A serious alternative to Photoshop

There’s practically nothing in Photoshop that you can’t do with Affinity Photo. It’s undoubtedly a professional-level editing program that’s suitable for all photographers regardless of their level of editing knowledge and experience. Even many shortcuts are the same as in Photoshop, functionality is similar, and many adjustments are easier to find thanks to not being buried deep in menus. Those transitioning over to Affinity Photo will find they can work just as quickly as they did in Photoshop; these include HDR Merge, Panorama, Focus Merge and even frequency-separation retouching for portraits. In Photoshop, the layers required for the latter have to be set up manually, whereas in Affinity Photo it’s a simple menu selection, and when performing these intensive tasks there are no slowdowns like those with Skylum Luminar 3.

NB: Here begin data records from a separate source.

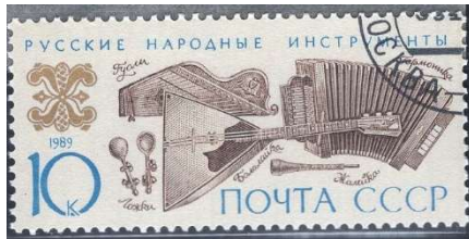
USSR 1989 Scott # 5818
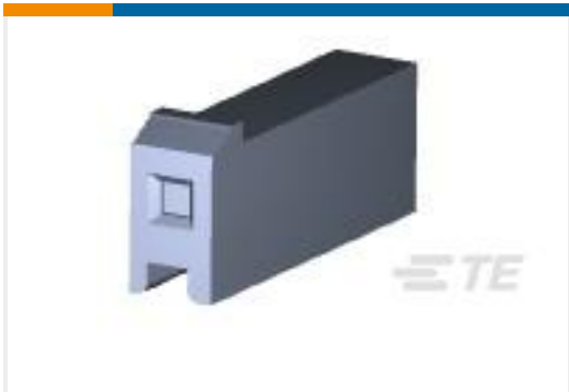
TE Part #640250-1 01P SL156 HSG W/LCK RAMP NATL
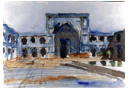
Both images: Isfahan, Shah Mosque

of Nightingales. The small but intricate building is set amongst tree-lined alleys, a reflecting pool and water rills.
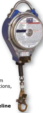
Sealed Self Retracting Lifeline 50' (15m) cable 3403400
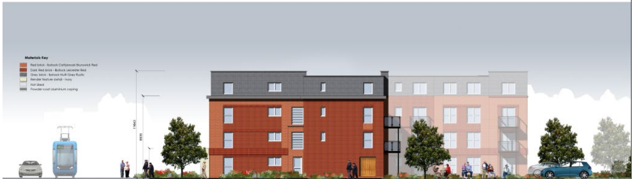
Elevation to Wilmot Lane- South West

At just £48.99, Affinity Photo represents incredible value for money considering the professional functionality of the software and the fact that this is for a perpetual license. Photoshop and Elements users will find themselves very much at home with the software, and will no doubt discover how much of a pleasure it is to edit your images and process raw files with the software. For the latter, the controls on offer are similar to those available in Adobe Camera Raw, but the process of applying effects such as localised adjustments is a little different. All in all, it’s an absolutely terrific image editor at an amazing price.

Gold


Skylum Luminar 3

Skylum Luminar 3

  • Price: £65
  • Raw processing: Yes
  • Layers: Yes
  • 16-bit images: Yes
  • Desktop, phone or web: Desktop
  • Operating system: Mac OS and Windows
  • System requirements: Mac OS 10.10.5 and above/Intel 64-bit Core 2 Duo or better and 8GB RAM/Windows 7 64-bit OS and above and 8GB RAM
  • skylum.com

In a short space of time, in editing software terms, Skylum Luminar has grown in popularity alongside the highly respected Aurora HDR, which is commonly considered one of the best HDR software options on the market.

Luminar is a standalone program that blends the capabilities of raw processing and standard image-editing software in a single package. And to better compete with Adobe Lightroom, Luminar 3 introduced a library feature that allows you to view, rate and select images to edit. The way the software differs, however, is that you also have the ability to use layers and to apply a range of adjustments and filters to them, as well as masks and blending modes.

The workflow in Luminar is slightly different from most other editing software when it comes to the way layers work, how they’re created and ultimately what’s possible with them. It certainly takes a little getting used to, but like most software, after processing a few images and exploring the possibilities things quickly become more familiar.

Eight different workspaces

The interface is well laid out and intuitive; in fact, there’s much less to learn than even with Photoshop Elements. There are eight workspaces focusing on different workflows and image types: Professional, Quick & Awesome, Essential, Aerial Photography, Black & White, Landscape, Portrait and Street. Plus there’s the ability to create and save custom workspaces that suit your photographic style. Some processor- and RAM-intensive tasks do create slowdowns at times, even when using a powerful PC, but these are not so debilitating that it makes them a deal breaker.

Skylum Luminar 3 is a fantastic software option that’s cost-effective at £65 for a perpetual license that works with up to five computers. And the addition of the new library feature makes the software a tough competitor for the likes of Lightroom, of which it offers much more in the way of controls generally but lacks advanced HDR and panoramic controls. While Luminar spans the capabilities, to some degree, of Lightroom and Photoshop, it’s definitely much more of an image cataloguing and raw-processing program, but one that provides a great deal of control over raw files, TIFFs and JPEGs. It’s certainly a great option.